The Finest Story in the World

Notes on the text

These notes, by Peter Havholm, are partly new, and partly based on the ORG. The page and line numbers below refer to the Macmillan (London) Standard Edition of Many Inventions, as published and frequently reprinted between 1899 and 1950.

[Page 95, lines 1-4] Or ever the knightly years were gone … This is the first verse of the poem by W E Henley, Editor of the Scots Oberver, “Or Ever the Knightly Years”.

[Page 95, line 10-11] go back to his mother This jokey relationship allows “I” to remain at some distance from Charlie’s personal concerns during what follows. In fact, this kind of distancing has been one of the functions of “I” since “The House of Suddhoo” in 1886 (Plain Tales from the Hills). Here, the reader is not asked to feel pity for either Charlie or the frustrated “I” but simply awe at the glimpse of reincarnation.

[Page 96, lines 6-7] the self-revelations of a young man In many of the stories set in India, “I” is a reporter, interested in novel events and people. “I” becomes a writer in stories like this one, here interested initially in the type of young man Charlie represents. Charlie is not presented as offering any other attraction. See the note to Page 376, lines 2 through 13 in “Children of the Zodiac” in this collection, where it is clear that a vital quality in Leo’s art is its evident knowledge of the details of human life.

[Page 96, line 14] twenty-five shillings In fact, a bank clerk of Charlie’s age would have been paid £100 a year in 1900 by any of the joint stock banks in London, more like 40 shillings a week.

[Page 96, line 24] the edge of his washstand i.e., he had to write in his bedroom.

[Page 97, line 29] I hate cutting my things down Charlie’s unselfconscious conceit, in addition to being completely believable, keeps the reader from worrying about him.
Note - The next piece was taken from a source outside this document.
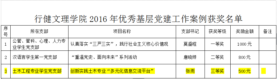 行健文理学院2016年优秀基层党建工作案例三等奖

[Page 98, line 20] when I could do so much with it And this conceit, perhaps half-humorous, ensures that readers will not be too disturbed by the loss at the story’s end.

[Page 100, line 6] What sort of ship? Biremes (galleys with two rows of oars and a sail) were probably invented by the Phoenicians before the fifth century BC, and triremes (three rows) fought in naval battles during the Peloponnesian War (431-404 BC).

Although there seems to be good evidence that the Romans used galley slaves in the Punic wars against the Carthaginians, scholars have argued spiritedly that ancient Greek galleys were rowed by skilled— and valued—oarsmen.

[Page 100, line 25] on the lower deck Charlie’s station is on the upper deck (see page 109, line 27), so he is a witness to his hero’s progress rather than himself being the hero.

[Page 101, line 5] but cut up in his chains This seems impractical. It functions as an amazing detail, impossible to check.

[Page 102, line 20] Longfellow Henry Wadsworth Longfellow, 1807-1882.

[Page 102, line 15] These four lines are from “The Secret of the Sea”.

[Page 102, line 27] These five lines are from “My Lost Youth”.

[Page 103, line 6] These lines are from “Seaweed”.

[Page 103, line 24] Treasure Island Robert Louis Stevenson published this celebrated story in 1881.

[Page 105, line 26] Pollock, Erckmann, Tauchnitz, Henniker perhaps the Greek words pollak ekamon Tou kniz eneka, which translate roughly as: ‘Many times I have been wearied, the vexation/the rasping on account of.’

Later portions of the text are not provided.